Tentu saja Bryan tidak akan pernah menolak apapun yang di minta oleh Papa Rayan. Karena berkat bantuannya dulu, akhirnya Bryan bisa menjadi model terkenal seperti sekarang.
"Maaf Pa, kayanya Tara nggak bisa menjadikan Bryan sebagai model untuk Brand Tara deh Pa. Sebelumnya maaf ya Bryan" Tara masih terus mengabaikan Bryan sehingga membuat pria tampan itu terus mengerutkan keningnya melihat tingkah Tara.

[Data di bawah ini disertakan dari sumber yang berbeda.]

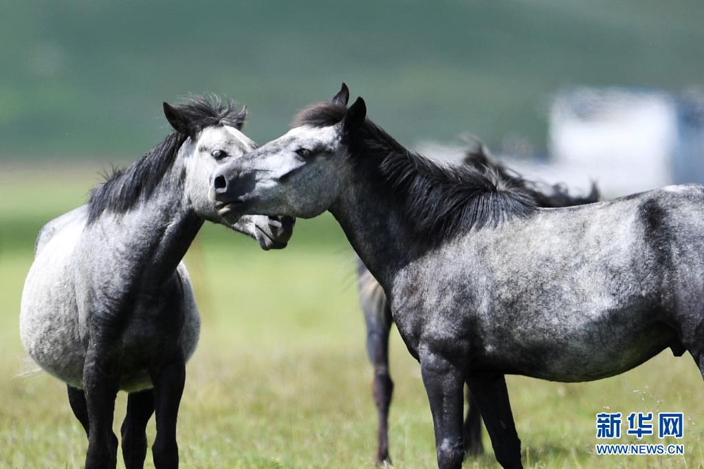 這是7月15日在甘肅瑪曲縣河曲馬場拍攝的河曲馬。新華社記者 陳斌 攝

"Memangnya kenapa??" Tanya Bryan langsung kepada Tara.
"Maaf Bryan, sepertinya orang tak berarti sepertiku tidak mampu untuk membayar mu mengingat karirmu yang sudah sebagus ini" Kalimat Tara sekilas sindiran bagi Bryan.
"Baiklah Tara aku akan mengikuti permainanmu" Bryan tersenyum miring.

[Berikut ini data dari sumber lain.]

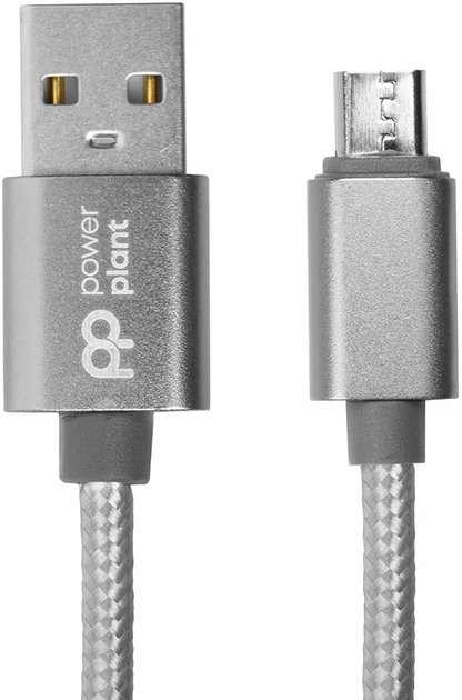 Кабель PowerPlant USB - micro USB, 1м, нейлон, металевий штекер, сірий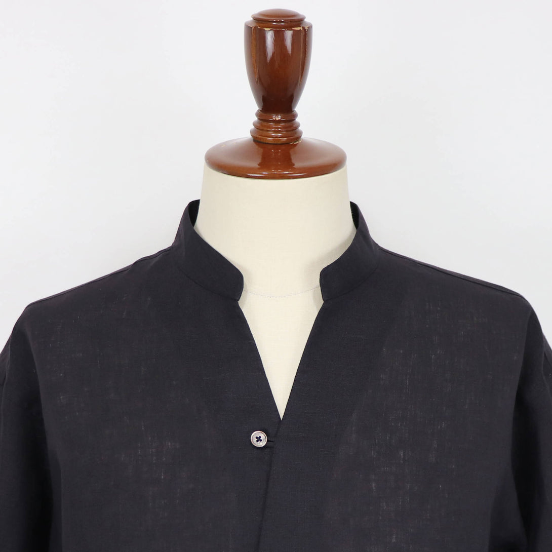 ブランドのコンセプトでもある「LUXURY RESORT」をまさしく表現したリゾート感溢れるプルオーバータイプのリネンシャツです。広い前開きのゆったりとしたバランスのボディはリラックスした着心地とサイジングを実現しています。

"Tak usah pikirkan itu Tara. Karena Pak Rayan adalah orang yang sungguh saya hormati. Jadi berapapun kamu akan membayar ku, aku akan menerimanya. Bahkan tak usah di bayar lun aku bersedia" Tara langsung berubah masam mendengar balasan dari Bryan.
Sedangkan Papa Rayan tampak tersenyum senang. Dia tau kalau Bryan memang orang yang bisa diandalkannya untuk membantu putrinya.
"Jadi kapan pemotretannya bisa di lakukan??" Bryan semakin menantang Tara yang terus menatapnya tajam.
__ADS_1
Bersambung...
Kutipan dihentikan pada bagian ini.